Sculpture de facture nette, grasse. Sens maléfique peut-être, mais avant tout motif ornemental qui
met en valeur les points forts du chapiteau, selon l'ordonnance de la corbeille corinthienne
(20) - Superposition d'in-folio: livres sacrés à l'entrée du temple ?
A gauche, Fonts baptismaux insérés dans le mur. Au-dessus, tableau du XXe siècle : Marthe et
Marie (le Christ s'éloigne), d' Elisabeth Faure, peintre fresquiste condisciple de Brayer.
BAS-COTE NORD
(4) - Jeune homme chevauchant un bouc, symbole de luxure, et âne musicien jouant de la harpe.
L'âne représente la sottise depuis l'Antiquité. (Même association des deux thèmes à St Nectaire
(7) - Tête dans les feuillages, dérivé de la corbeille corinthienne.
NEF CENTRALE
(5) - Aigles tenant dans leurs serres un petit mammifère – Style égyptien. D'après les Bestiaires,
l'aigle représente le Christ et sa supériorité sur le reste de la Création. Thème parvenu en occident
par l'intermédiaire des manuscrits.
(6) - La multiplication des pains ou la Cène – Trois scènes en un résumé théologique typique de
l'art populaire : sur deux faces, la multiplication des pains (5 pains et 2 poissons) puis à l'angle du
chapiteau un lavement des pieds – qui accompagne la Cène chez saint Jean, et enfin un Ange avec
deux femmes, - annonce de la Résurrection.

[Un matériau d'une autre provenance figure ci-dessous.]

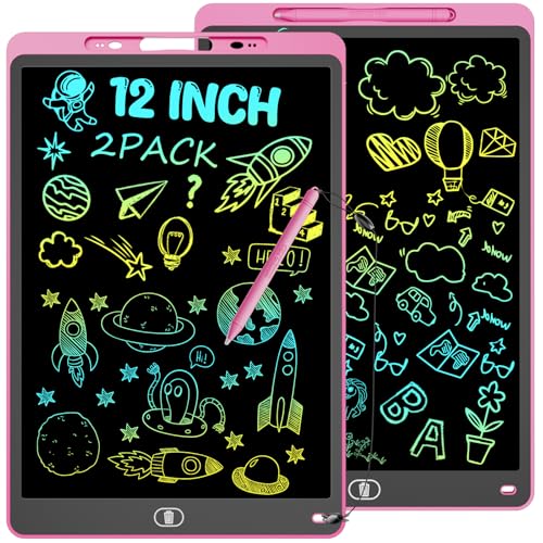 Electight 2 ST Färgglad LCD-Skrivtavla 12 Tum, Rittavla med Lås- och Raderingsfunktion, Ögonskyddande Klotterplatta, Leksaker och Gåvor för Barn och Vuxna i Hemmet, Skolan - Blå och Rosa
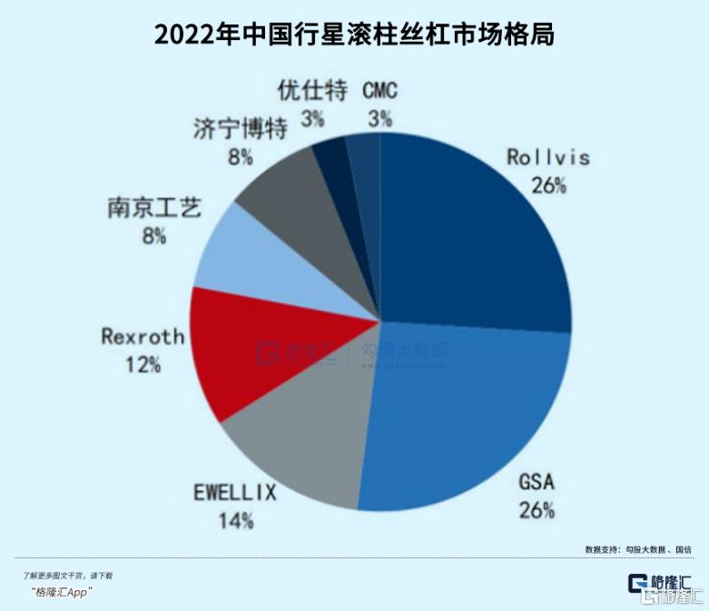 在行星滚柱丝杠领域,海外厂家主要为瑞士GAS、瑞典ROLLVIS,两家占据全球50%的市场份额,其余玩家还包括斯凯孚、美国GMS、日本NSK和THK。在中国市场,主要还包括台湾的上银科技,其他企业大多处于中低端市场。
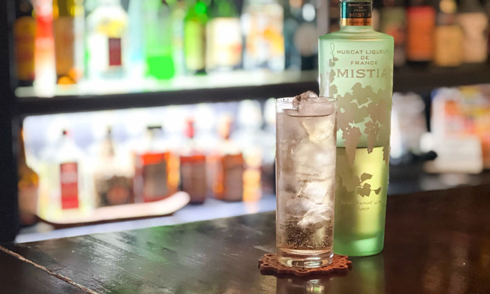 一方で、女性のお客さんに人気なのは、フランス産のマスカットリキュール「ミスティア」を使ったカクテル、「ミスティアジンジャー」。

Le thème de la Multiplication des Pains est fréquent
dans la sculpture des sarcophages paléo-chrétiens et voulait s'opposer aux hérétiques qui niaient
l'Eucharistie. Adaptation maladroite à la forme de la corbeille, personnages, naïfs, raides,
inexpressifs avec leurs yeux ronds et leurs larges oreilles. Ils sont serrés, les pieds alignés,
identiques, sous une table étroite dont la nappe forme une arabesque aux plis réguliers. Le Christ,
la tête plus grosse que celle des apôtres, bénit l'assemblée.
CROISEE DU TRANSEPT
Pile nord-est (3 faces historiées) :
(9) - Face nord - A l'entrée du déambulatoire côté nord, deux anges déploient des phylactères (ou
parchemins) . Au lieu de versets de l'Evangile, le sculpteur de Chauriat, s'est contenté d'inscrire
« angelus ». L'ange dans la sculpture s'est peu à peu substitué à l'Evangéliste.

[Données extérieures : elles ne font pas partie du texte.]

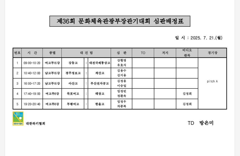 제36회 문화체육관광부장관기 전국중고하키대회 심판배정표(7.21.) 페이지 정보 작성자 하키협회 댓글 0건 조회 1,005회 작성일 25-07-20 본문 제36회 문화체육관광부장관기 전국중고하키대회 심판배정표(7.21.) 목록 이전글 제36회 문화체육관광부장관기 전국중고하키대회 경기결과표 다음글 제36회 문화체육관광부장관기 전국중고하키대회 이전글제36회 문화체육관광부장관기 전국중고하키대회 경기결과표 25.07.21 다음글제36회 문화체육관광부장관기 전국중고하키대회 25.07.20

(10) - Face Est - Un énorme masque renversé engoûle des serpents et des palmettes torsadées qui
prennent l'aspect d'un arbre, transposition des fantaisies ornementales des manuscrits.
(13) - Face Sud (dans le choeur) : deux chapiteaux curieux
− Un homme couché dans une perspective qui rappelle celle des gardiens du St-Sépulcre
(Issoire) semble maussade, et serre un objet rond dans la main droite.
−
A côté : deux figures énormes semblables à des masques évoquent des oeuvres populaires.
CHOEUR
(12) - Personnage en buste tenant des branches, variante du chapiteau romain à feuillages de type
corinthien, avec masque humain parmi les volutes.
BAS-COTE SUD
(18) - Combat d'anges avec dragon, et damné – Deux anges (Saint Gabriel et Saint Michel)
pourfendent un homme nu et un dragon, vision issue de l'Apocalypse.
(19) - Montreur de singe - Scène populaire pittoresque, thème médiéval fréquent. Une énorme
corde est passée au cou du singe, tirée par un homme vêtu à la mode du XIIe siècle. Au MoyenAge, « le diable a la figure du singe » dit un Bestiaire : le singe figure le pécheur suppôt de Satan,
que son dompteur, image du Bon Chrétien, retient captif par la doctrine chrétienne.